Some time early this year — I don’t recall the circumstances, or why — Dawn and I decided to give Wal*Mart’s grocery service a try. You go online and fill your shopping cart, give them a credit- or debit-card, then arrive at the store at your appointment time and somebody puts the groceries in your car’s trunk. We’ve used the service ever since. It’s convenient, trustworthy, we’ve gotten to know and like the online shopping staff — who are well-trained, and mostly young — and we avoid the chaos of the Wal*Mart parking lot.

Well … dang. Those ambitious and likable kids, who probably thought they had caught a wave and were on the leading edge of retail, might soon be replaced by robots.

Walmart is testing a new robotics system that picks customers’ grocery orders. The retailer this morning announced it has partnered with Alert Innovation to deploy Alphabot, a system designed for Walmart, in its Salem, New Hampshire superstore. The automated technology will be installed in a 20,000-square foot extension connected to the store, which will also serve as the dedicated grocery pick-up point with drive-thru lanes for customers.

There’s no stopping progress, et cetera, et cetera, and I’ll probably use the service if it ever reaches us, but I have to admit I have some misgivings.

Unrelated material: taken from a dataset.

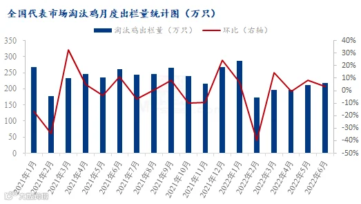 从淘汰鸡出栏情况来看,6月份Mysteel农产品对全国11个重点产区19个代表市场的淘汰鸡出栏量进行监测统计,总出栏量218.87万只,环比涨幅3.07%。6月份全国淘汰鸡出栏量先减后增,上半月受蛋价下滑影响,加之南方中元节临近,因此养殖户淘鸡意愿减弱,届时养殖端多计划集中淘汰;临近月底,蛋价跌至阶段性低位,而淘汰鸡价格偏高,多顺势出栏适龄老鸡。综合来看,6月份受蛋价及淘鸡价格影响较大,淘鸡出栏量呈小幅增加走势。
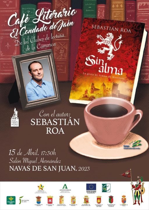 El próximo Café Literario El Condado de Jaén, de los clubes de lectura de la comarca, tendrá lugar el próximo sábado 15 de abril de 2023, en el Salón Miguel Hernández de Navas de San Juan, y donde el escritor Sebastián Roa presentará su última novela "Sin alma. La gesta de Simón de Montfort".

We are not ready for the society that is coming. Increasingly, work is being replaced by machines, and that trend is going to continue. This has an upside — fewer worker injuries, fewer worker errors. But … what is going to become of all those people for whom there are no jobs? In a world where perhaps 100-million (to pick a number) people are needed to design, build, and maintain the machines, what does everybody else do? This calls for some flavor of collectivism in order to prevent mass starvation, and destruction of the machines, but how are we to prepare for that day when the Deplorable One-third want to return us to the Bronze Age?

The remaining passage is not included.